Posts Tagged ‘guaranteed issue policies’

Retired With Life Insurance? Avoid Getting Ripped Off With Insurance Provider Schemes

Thursday, October 15th, 2009

If you’re flipping through channels on any given afternoon, you may undoubtedly come across various advertisements geared towards older retirees promoting life insurance policies.  Oftentimes, these ads may include celebrity spokespeople and appealing incentives; however, many experts warn consumers about the potential of getting ripped off when opting for unreliable life insurance packages for older citizens.
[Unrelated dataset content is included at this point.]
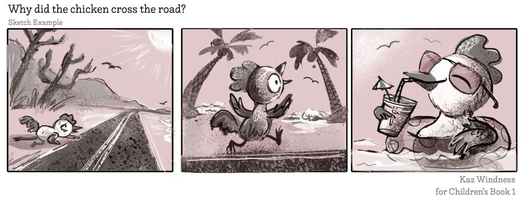 Here’s an example I just drew for my RMCAD Children’s Book 1 class. Our introductory exercise is telling a wordless story in three panels answering the question “Why did the chicken cross the road?”

Life Insurance Schemes: Looking for the Warning Signs

Accepts Anyone-With No Medical Questions or Exceptions

A life insurance plan that promises to provide coverage without asking any medical questions should usually stand out as a company that needs to be questioned.  Often known as “guaranteed issue policies,” these life insurance packages are advertised to be sent directly to your home once you send in your payment.  While these policies may certainly provide benefits for many individuals, some policy holders commonly confuse these “guaranteed issue” with “quick issue” and / or “simplified issue” policies.  If you find yourself opting for a “guaranteed issue” life insurance plan, then you should be aware that this form of coverage should only be reserved as a last resort.  “Guaranteed Issue” policies offer fewer benefits and come at a much higher price than companies that require a physical exam and / or a brief report of your medical history.
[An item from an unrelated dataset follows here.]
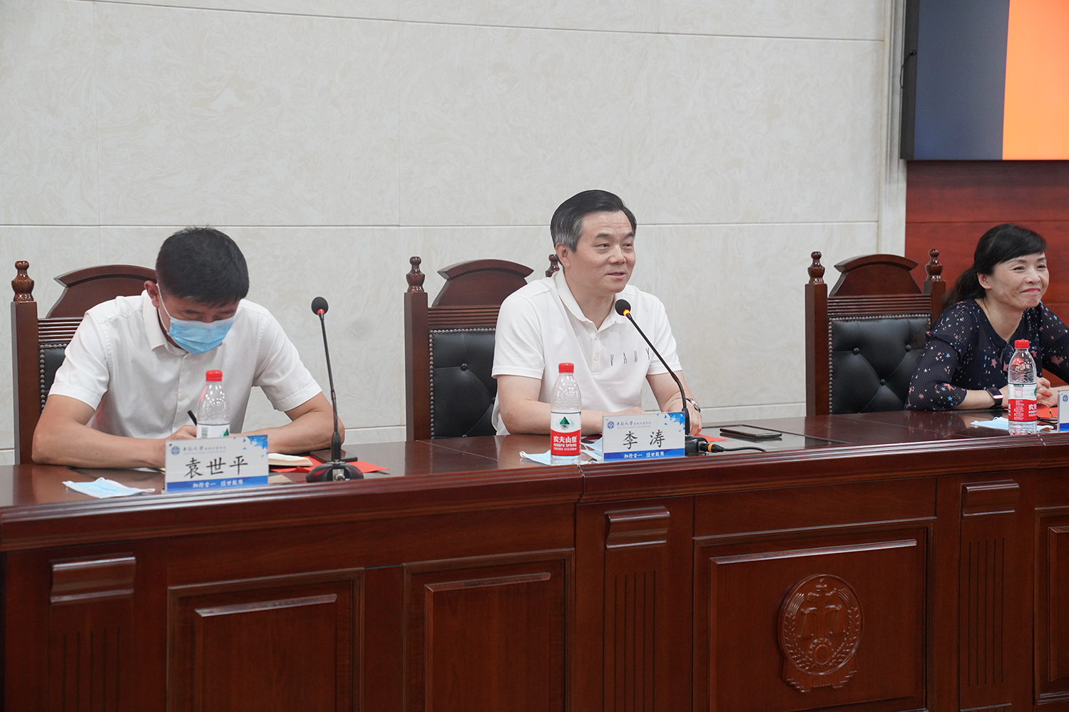 2021年7月1日上午,湖南师范大学护理院王卫红老师一行9人来我院交流。我院教学副院长陈嘉、本科生教学办主任毛婷、实验室主任蒋岳霞和教务员谭望英参加了会议,本次会议由陈嘉主持,她对湖南师大老师们的到来表示欢迎。之后详细介绍了我院本科生教学方案的制定与学生的培养。随后蒋岳霞主任也介绍了仿真情景教学实训室、健康评估实训室、临床护理实训室、社区护理实训室等教学实验室的设备、模型以及上课模式

Don’t Get Caught by a “Catch”

To gain greater profit without loss, many life insurance companies may include various “catches” in their coverage agreements.  For example, while the life insurance policy may agree to cover all funeral costs, the policy may include the “catch” that costs will only be covered if a funeral occurs prior to the age of, for example, 75.  In this case, if you live beyond 75 years, then you’re insurance investment for your funeral may be a complete loss.
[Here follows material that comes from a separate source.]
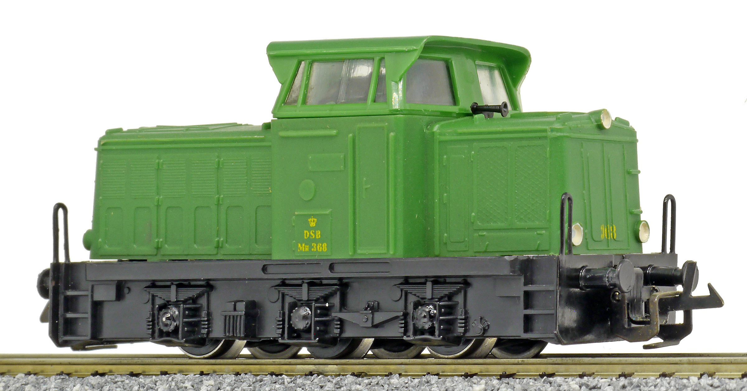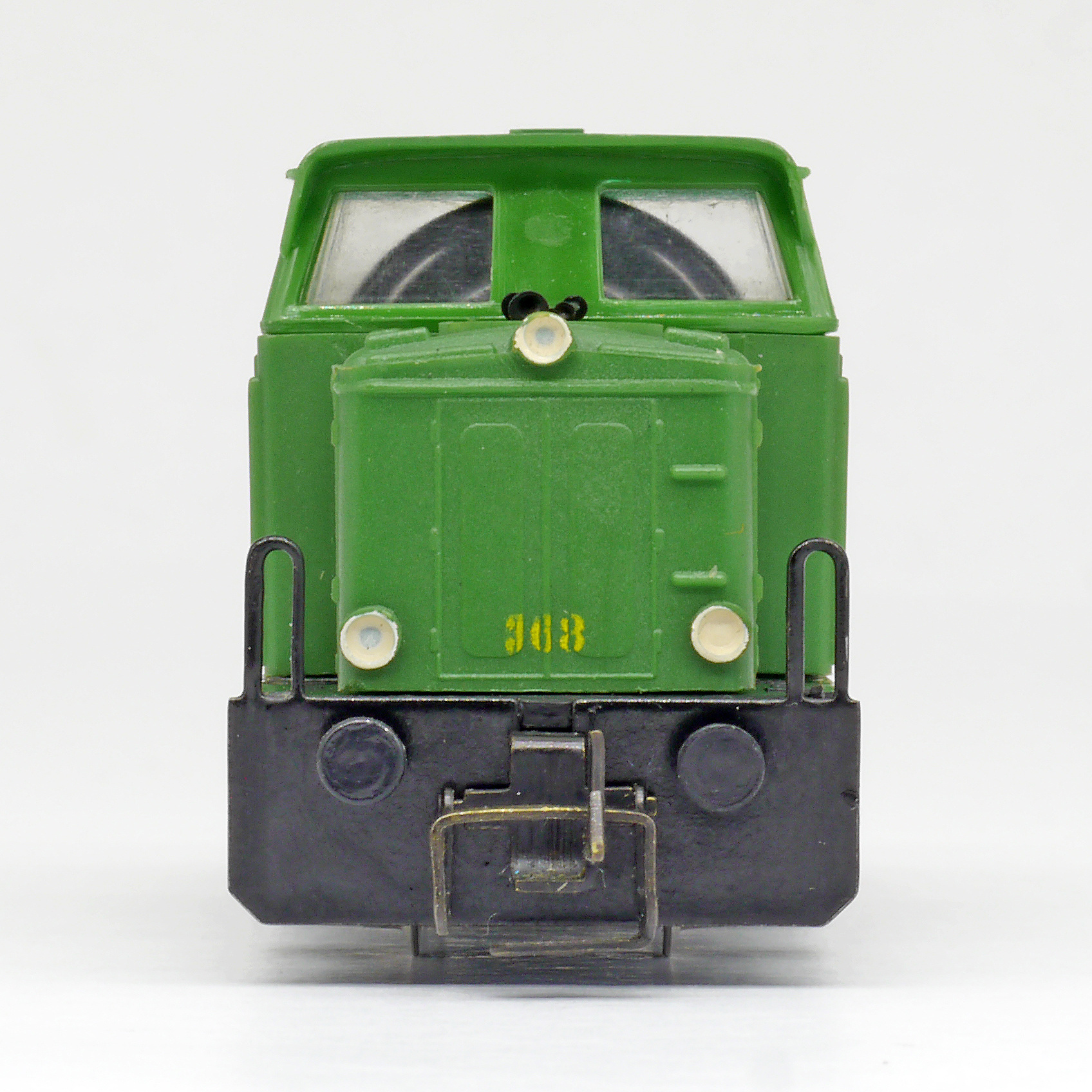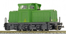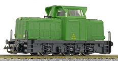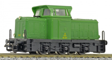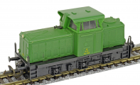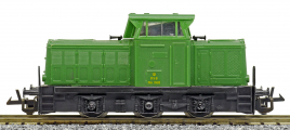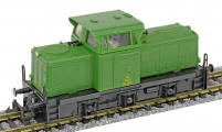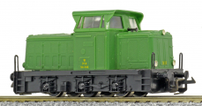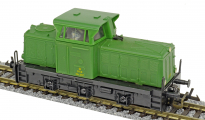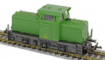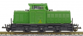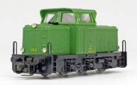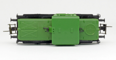 | dieselová lokomotiva zelená s černým rámem a pojezdem |

Consider the Long Term Benefits

Some life insurance plans provide policy holders with “graded benefits,” which essentially gives the insurance provider greater power over adjusting the terms and costs of coverage.  With “graded benefits,” insurers are permitted to simply pay refunded premiums for up to 3 years after the purchase date of the policy.  With this power, an insurer can simply offer a 3 year refund instead of the full policy benefits / payments upon the death of the policy holder.